Siyi Chen, Thomas Töllner, Hermann J Müller, Markus Conci
Journal of Neurophysiology 2018 January 1, 119 (1): 347-355
Completion of a partially occluded object requires that a representation of the whole is constructed based on the information provided by the physically specified parts of the stimulus. Such processes of amodal completion rely on the generation and maintenance of a mental image that renders the completed object in visual working memory (VWM). The present study examined this relationship between VWM storage and processes of object completion. We recorded event-related potentials to track VWM maintenance by means of the contralateral delay activity (CDA) during a change detection task in which composite objects (notched shapes abutting an occluding shape) to be memorized were primed to induce either a globally completed object or a noncompleted, mosaic representation.
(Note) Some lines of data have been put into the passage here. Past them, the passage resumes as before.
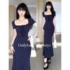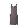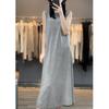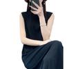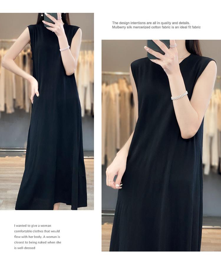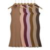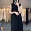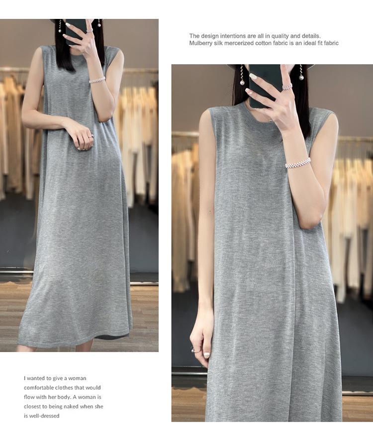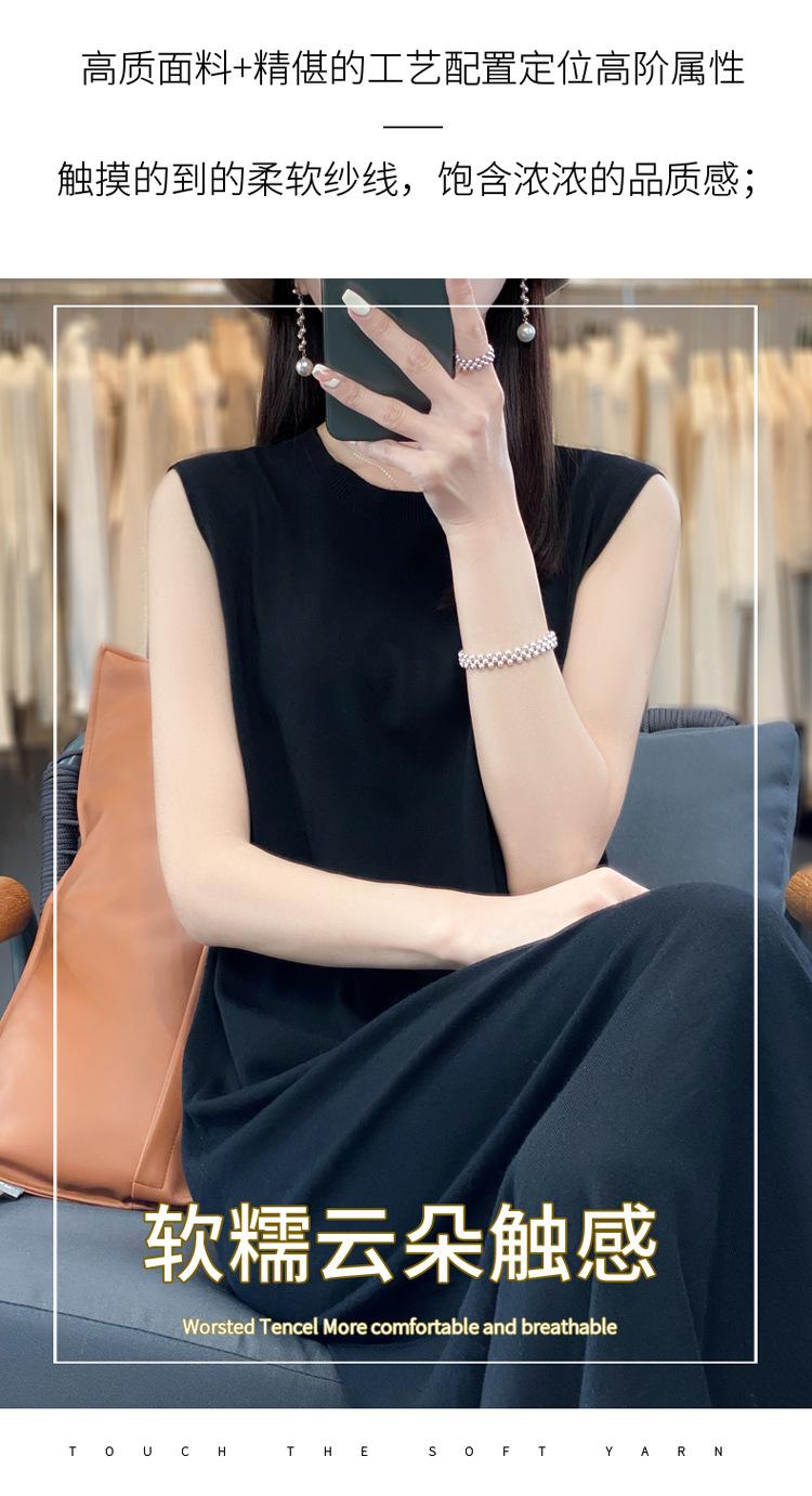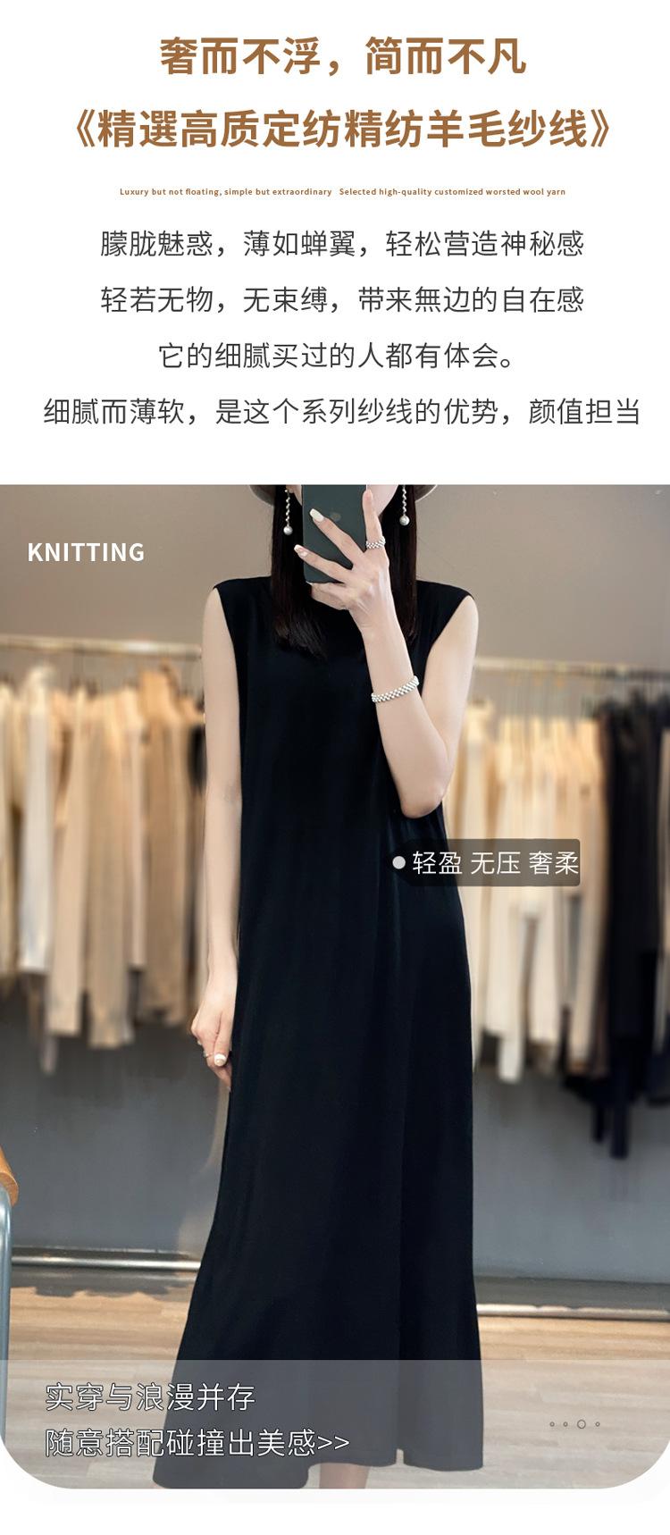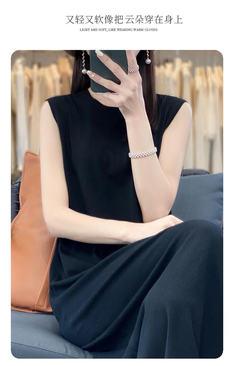 Vestido largo de lana peinada primavera 2024 color sólido elegante ajustado sin mangas holgado cuello redondo
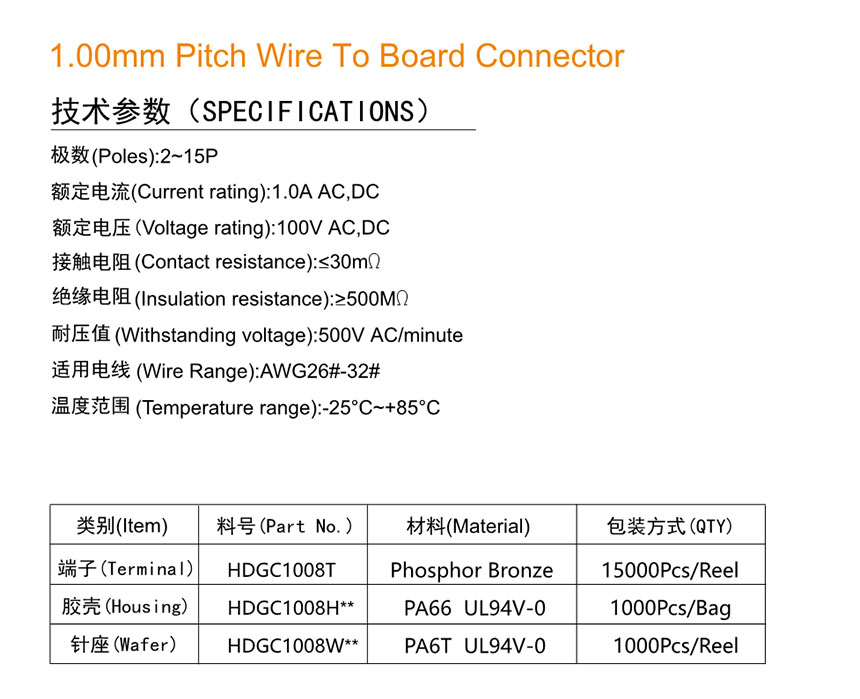 HDGC1008 Series 1.00mm Pitch (.039'')线对板连接器
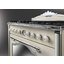 Устройства с тремя духовками также имеют один основной и две дополнительных шкафа разного объема: например, плиты Bertazzoni оснащены большой духовкой объемом 69 литров, средней объемом 54 литра и малой объемом 24 литра. Духовки располагаются в два ряда: две меньшие духовки в одном ряду, большая и ящик для посуды в другом.
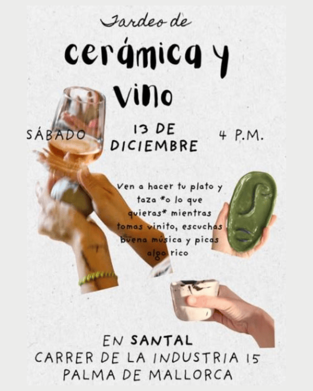 El dissabte 13 de desembre, a partir de les 16.00 h, Santal (Carrer de la Indústria, 15, Palma) acollirà una tarda creativa amb ceràmica, vi i bona música. Els participants podran elaborar la seva pròpia peça mentre gaudeixen d’un ambient relaxat, picar alguna cosa i compartir experiències.

The results revealed an effect of completion in VWM despite physically identical visual input: change detection was more accurate for completed compared with mosaic representations when observers were required to memorize two objects, and these differences were reduced with four memorized items. At the electrophysiological level, globally completed (vs. mosaic) objects gave rise to a corresponding increase in CDA amplitudes. These results indicate that although incorporating the occluded portions of the presented shapes requires mnemonic resources, the complete object representations thus formed in VWM improve change detection performance by providing a more simple, regular shape. Overall, these findings demonstrate that mechanisms of object completion modulate VWM, with the memory load being determined by the structured representations of the memorized stimuli. NEW & NOTEWORTHY This study shows that completion of partially occluded objects requires visual working memory (VWM) resources. In the experiment reported, we induced observers to memorize a given visual input either as completed or as noncompleted objects. The results revealed both a behavioral performance advantage for completed vs. noncompleted objects despite physically identical input, and an associated modulation of an electrophysiological component that reflects VWM object retention, thus indicating that constructing an integrated object consumes mnemonic resources.